Direct pulp capping procedures - Evidence and practice

Abstract

The aim of direct pulp capping (DPC) is to promote pulp healing and mineralized tissue barrier formation by placing a dental biomaterial directly over the exposed pulp. Successful application of this approach avoids the need for further and more extensive treatment. In order to ensure a complete pulp healing with the placement of restorative materials, a mineralized tissue barrier must form to protect the pulp from microbial invasion. The formation of mineralized tissue barrier can only be induced when there is a significant reduction in pulp inflammation and infection. Consequently, promoting the healing of pulp inflammation may provide a favorable therapeutic opportunity to maintain the sustainability of DPC treatment. Mineralized tissue formation was observed as the favorable reaction of exposed pulp tissue against a variety of dental biomaterials utilized for DPC. This observation reveals an intrinsic capacity of pulp tissue for healing. Therefore, this review focuses on the DPC and its healing procedure as well as the materials used for DPC treatment and their mechanisms of action to promote pulpal healing. In addition, the factors that can affect the healing process of DPC, clinical considerations and future perspective has been described.

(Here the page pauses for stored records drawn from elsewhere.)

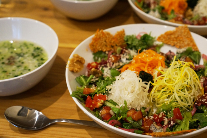 TABI食堂は食材に熱を加えずに生のまま調理する、いわゆるローフードのレストランだ。ある日のメニューは、「切り干し大根バーガー」。何かで和えてねっとりした食感になった切り干し大根を、ピタのようなものに包んで食べる。別の日は、「春のぶっかけ甘酒大根麺」。麺のように細長く切った大根を、常温の甘酒のスープにつけて食べる。偶然、大根が続いたけど、味の印象は全然違った。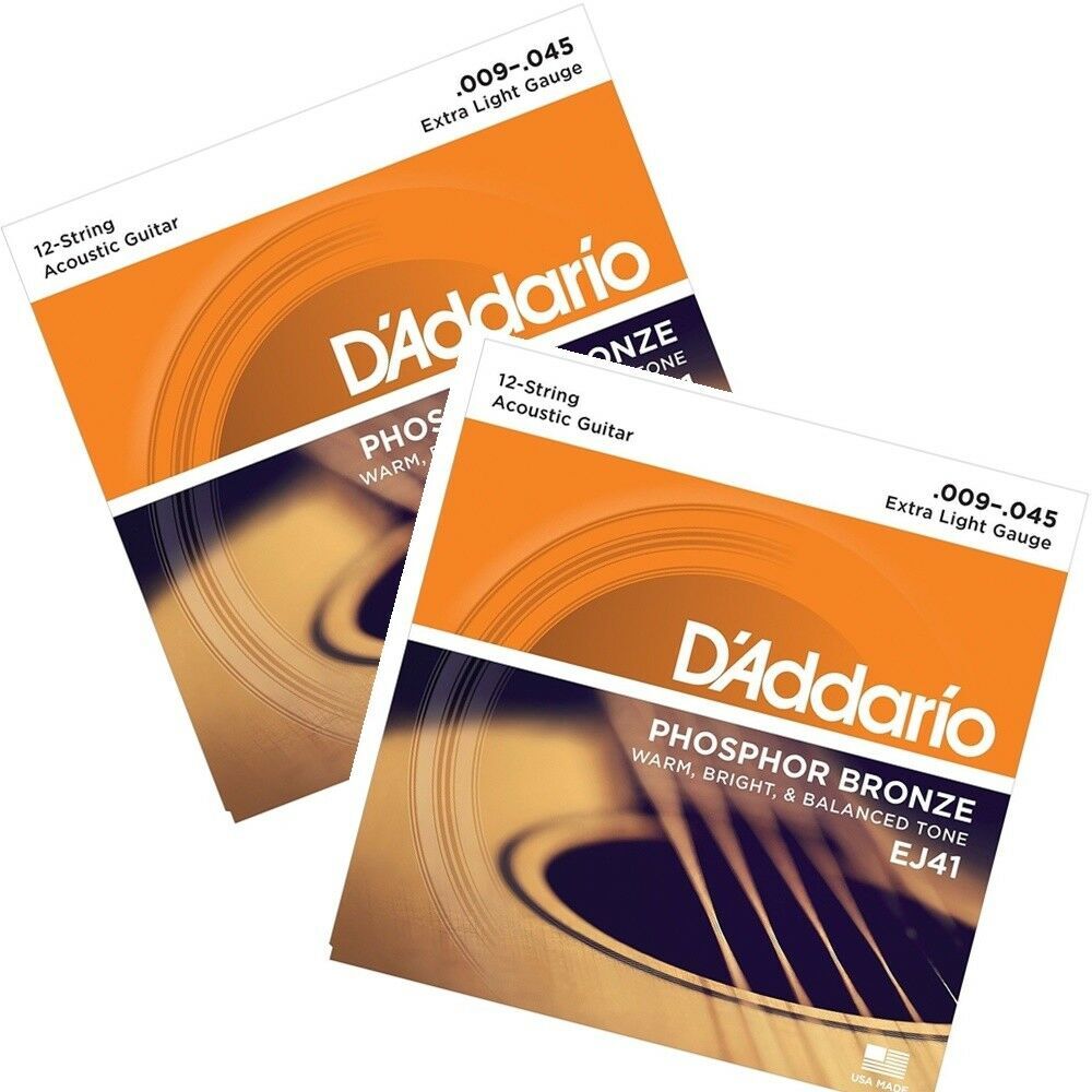 D Addario Extra Light Acoustic Guitar Strings - 2 X D Addario Ej41 12 String Phosphor Bronze Extra Light Acoustic Guitar Strings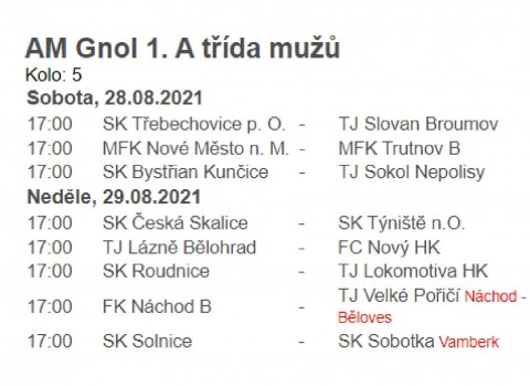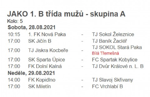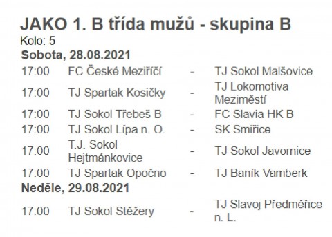 B třídy odehrají rovněž svá pátá kola s řadou zajímavých zápasů, jejich přehled naleznete ZDE:

Keywords: Bioceramics; Calcium hydroxide; Direct pulp capping; Mineral trioxide aggregate; Pulp capping materials; Vital pulp therapy.

Fig. 1

Schematic representation of inflammatory response to bacterial penetration into the pulp tissue after exposure. After being exposed to carious lesions, the inflammatory response becomes more intense, and neutrophils and macrophages that have just come from blood vessels through diapedeses start to accumulate in the odontoblast layer. The layer of odontoblasts close to the infected dentine and the underlying pulp becomes necrotic, and bacteria penetrate into the pulp, causing inflammation in the entire pulp tissue.

Fig. 2

Schematic representation of the healing of dental pulp after exposure. Resolution of inflammation and tissue repair are achievable after the removal of invading microorganisms. The main components in these two processes are dental pulp stem cells and M2-polarized macrophages. Both of these cells release anti-inflammatory molecules that suppress inflammation and promote tissue healing. It is generally accepted that cell polarization towards the M1 or M2 phenotype is the mechanism through which macrophages are activated. They phagocytose bacteria, release pro-inflammatory cytokines, and initiate the immunological response.

Fig. 3

Schematic presentation of factors affecting DPC healing process. Pulp inflammation: various phases of inflammation of the pulp have been described, including mild, moderate, and severe inflammation; Operative debris: operative debris includes dentinal chips and foreign particles that can increase the activity of pulpal inflammatory cells and interrupt the dentin bridge integrity; Tunnel defects: the number of vessels injured during exposure and the severity of the pulp injury can both contribute to the tunnel defect, which can lead to microleakage that facilitates bacterial communication and recontamination. Incomplete dentin bridge formation: it might contain pulp tissue and can penetrate microorganisms.

Fig. 4

Graphical illustration of future perspective of DPC materials. Potential benefits might be obtained from combining bioactive molecules, or nanoparticles, or growth factors, or immunotherapy with future developments of currently existing DPC materials.